Pasolini aveva profeticamente individuato nella distruzione della cultura popolare e contadina la dissoluzione del “senso del sacro”, inteso soprattutto in senso letterario e artistico, in quanto il potere riesce a convertire ogni istanza di contestazione in prodotti di consumo e di spettacolo. Quindi in momenti del proprio consolidamento.
E’ pertanto l’omologazione, anche estetica, ad annullare ogni democratico confronto. La nudità non ha più senso né artistico né spirituale. I corpi e l’idea stessa di bellezza finiscono standardizzati. Si tratta di un vero e proprio genocidio culturale. L’impegnativa allusione, carica di idee, di immaginazione, di suggestioni e di messaggi, cede il posto all’esibizione immediata, banale scorciatoia per emozioni brutali e tangibili. Crolla il livello estetico. Ha credibilità solo ciò che si vede. L’idea stessa viene declassata rispetto alla sua rappresentazione. Un iperrealismo che allontana dal trascendentale, dall’ascetismo, dalla spiritualità. L’attenzione al corpo vizia il funzionamento dello spirito, citando il Platone del “Fedone”. E l’ossessione del fisico finisce per colmare i vuoti lasciati dall’assenza del culto dell’anima.
Non a caso in un profetico libro del 2000 (“Sul corpo”), il cardinale Carlo Maria Martini invitava a recuperare il valore sacro della fisicità, mettendo in guardia dagli idoli del sesso. “Il cristianesimo è tutto fondato sul corpo che Cristo ha assunto: è la religione del Logos incarnato, della Parola che si fa uomo. Dunque il cristianesimo ha al centro un corpo che nasce, cresce, comunica, si riproduce, si dilata, soffre, si ammala, guarisce, muore. Perché è nel farsi del corpo che vive la Parola – scriveva Martini. E ancora: “Il corpo dell’uomo e della donna è connessione tra necessità e libertà. Non è quindi la libertà del libertino schiavo di ogni impulso. Non è la libertà dello stoico che nega ogni impulso. E’ libertà di amare e dominare il proprio corpo. Nell’ottica del cristiano, la bellezza e l’armonia della sessualità è un’arte da apprendere, come la poesia, la pittura, la musica”.

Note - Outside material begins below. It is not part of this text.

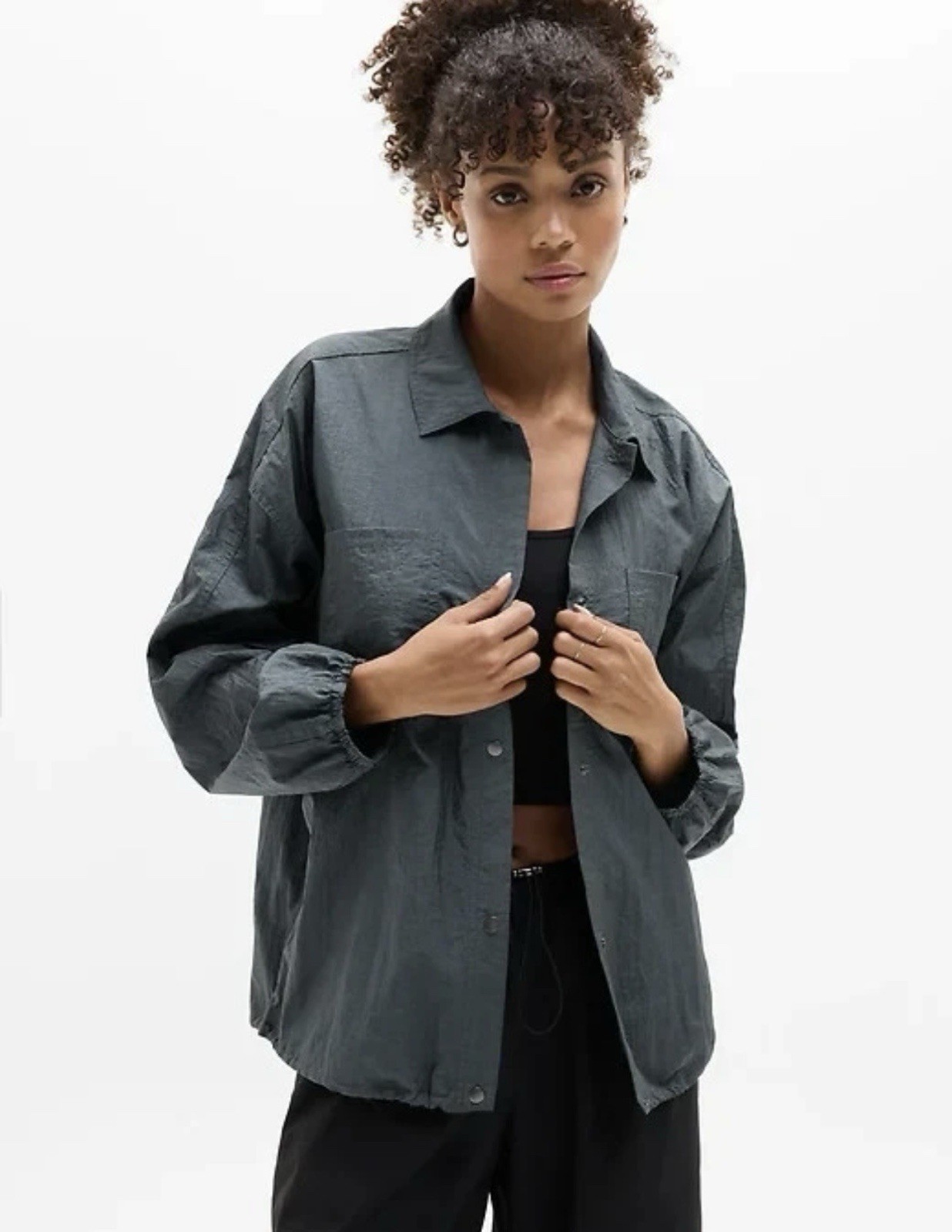 Athleta Relaxed Lightweight Lunar Sheen Shirt Jacket Dark Rinse NWOT Size XXS

C’è un recente sondaggio condotto non da Piepoli, ma dall’organizzazione internazionale “Save the children” che la dice lunga su questo virus dell’estetizzazione amorale. I ragazzi italiani tra i 12 e i 19 anni (il significativo campione ne comprende 453) avrebbe comportamenti a rischio dovuti a pratiche virtuali incentrate proprio sull’esibizione del corpo. Ben il 14% si metterebbe in posa per scatti sensuali da inviare in cambio soprattutto di ricariche telefoniche. La concezione mercificata del corpo, espropriato dalla propria identità, è ormai un modello acerbo. Non è lontana quell’offerta “al drago per rincorrere successo, notorietà e crescita economica”, richiamata da Veronica Lario nella sua celebre lettera.
“Una stampa mercenaria, prima o poi creerà un pubblico ignobile”. L’ha scritto Joseph Pulitzer, punto di riferimento del giornalismo mondiale. Come dargli torto?